À hauteur d''appel, la Selarl Jenner&Associés, ès qualités, qui succombe en partie, sera condamnée aux dépens d'appel.
Il convient de préciser que la charge des frais d'exécution forcée est régie par les dispositions d'ordre public de l'article L. 111-8 du code de procédure civile d'exécution et qu'il n'appartient pas au juge du fond de statuer par avance sur le sort de ces frais.
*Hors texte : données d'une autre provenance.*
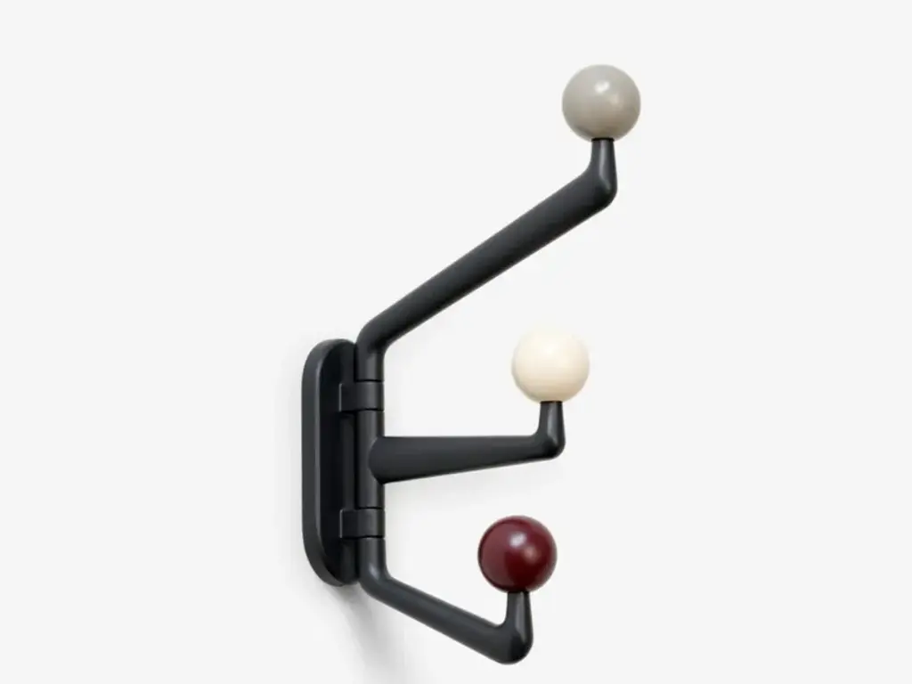 Designed to be used alone or in a set, the highly adaptable Capture coat hooks provide a range of solutions around the home. Also featuring swinging hooks, this piece can be used in the bathroom or kitchen as a handy place to hang towels, or in the entrance hall for coats and bags.Production processThe metal parts are cast from aluminum, after which they are milled and then powder coated. The wooden knobs are turned from solid wood.EnvironmentIndoorMaterialsPowder coated aluminium and lacquered oak.ColoursGraphite & Coloured knobs, Graphite & Oak knobsWeight2-2.4kgManufacturerProduced in China by Nine United Limited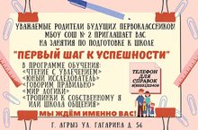 Наша школа с 1 марта открывает группы по подготовке к школе «Первый шаг к успешности».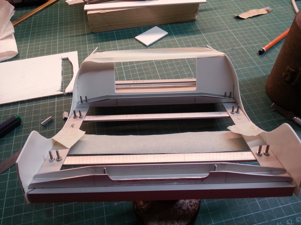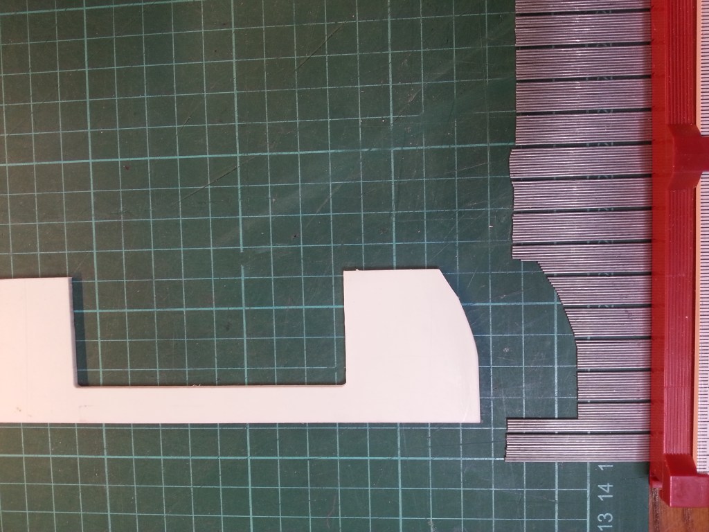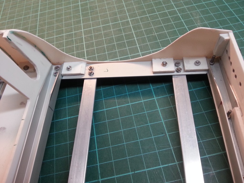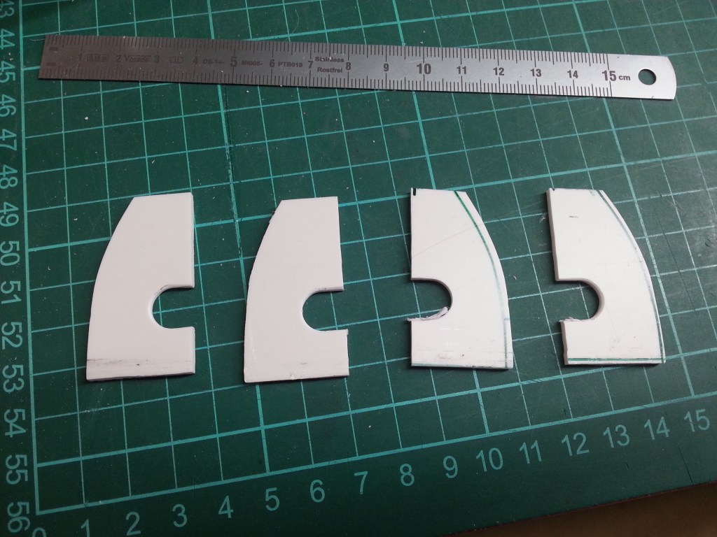 Weitere Teile zur Stabilisierung der Seitenverkleidungen und des Akkufaches, entstanden wieder auf dem Koordinatentisch. Alles noch mit Materialreserven, um einen möglichst passgenauen Sitz, durch einschleifen, zu schaffen.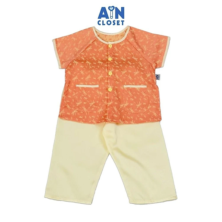 Bộ quần áo Bà Ba Dài tay ngắn bé gái họa tiết Chuồn Chuồn Cam gấm lụa - AICDBGYTG2O1 - AIN Closet
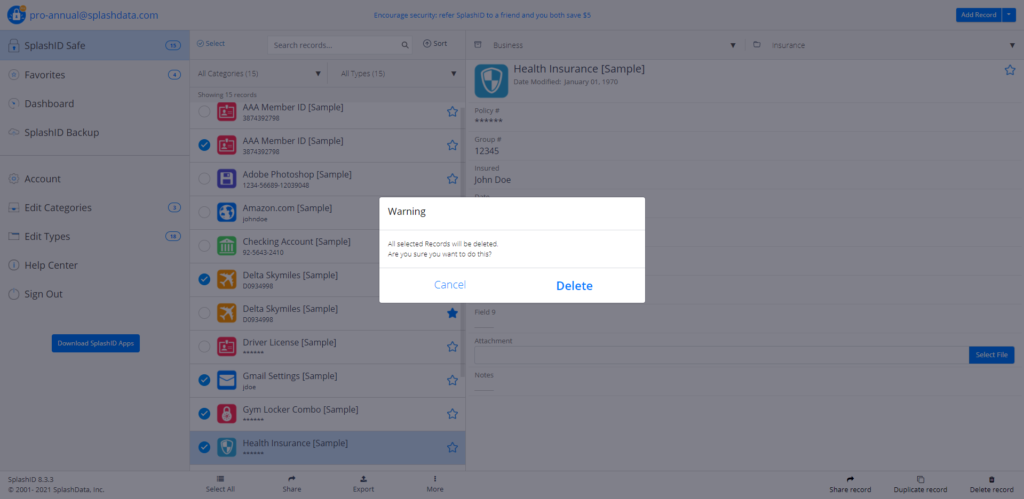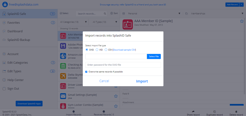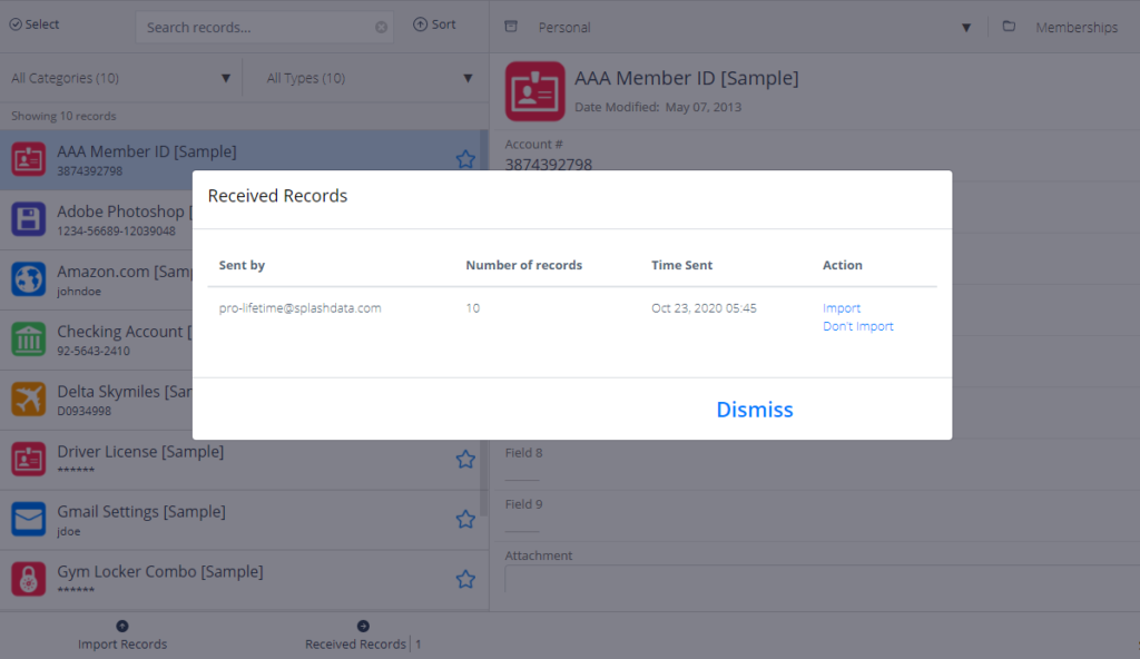 If another SplashID user has shared records with you, then you can see the shared records here. It will give you the option to import the shared records into your account or remove them from the received list.

La demande de M. [S] [T] au titre de l'article 700 du code de procédure civile sera rejetée.
PAR CES MOTIFS,
La cour, statuant par mise à disposition de l'arrêt au greffe, contradictoirement et en dernier ressort, et réputé contradictoire en dernier ressort à l'encontre de Me JENNER après en avoir délibéré conformément à la loi,
INFIRME le jugement rendu le 14 janvier 2021 par le conseil de prud'hommes de Strasbourg, sauf en ce qu'il a :
- débouté M. [S] [T] de sa demande au titre des congés payés non pris,
- fixé au profit de M. [S] [T] une créance de 715,82 euros au titre de la prime d'habillage,
- fixé au profit de M. [S] [T] les créances de 2.756,71 euros brut au titre des heures supplémentaires non rémunérées et 275,67 euros brut au titre des congés payés y afférents,
- condamné la Selarl Jenner&Associés, ès qualités de liquidateur de la société As protection, aux dépens de première instance ;
Statuant à nouveau dans cette limite et y ajoutant,
FIXE au profit de M. [S] [T] les créances suivantes dans la liquidation judiciaire de la société As protection :
- 11.706 € (onze mille sept cent six euros) au titre de l'indemnité forfaitaire pour travail dissimulé,
- 500 € (cinq cents euros) à titre de dommages-intérêts pour non-respect par l'employeur de la législation sur la durée du travail,
ORDONNE à la Selarl Jenner&Associés, ès qualités de liquidateur de la société As protection, de remettre à M. [S] [T] les fiches de paie manquantes ;
DIT n'y avoir lieu au prononcé d'une astreinte ;
REJETTE l'ensemble des autres demandes de M. [S] [T] ;
DÉCLARE le présent arrêt opposable à l'AGS-CGEA de Nancy dont la garantie joue à titre subsidiaire en l'absence de fonds disponibles et dans les limites et conditions fixées par les articles L.3253-8 à L.3253-13 et D.3253-1 à D.3253-5 du code du travail ;
CONDAMNE la Selarl Jenner&Associés, ès qualités de liquidateur de la société As protection, aux dépens d'appel ;
RAPPELLE que le sort des frais d'exécution forcée est fixé par les dispositions de l'article L 111-8 du code de procédure civile d'exécution.
Ledit arrêt a été prononcé par mise à disposition au greffe le 28 octobre 2022, signé par Madame Christine Dorsch, Président de chambre, et Madame Martine Thomas, Greffier.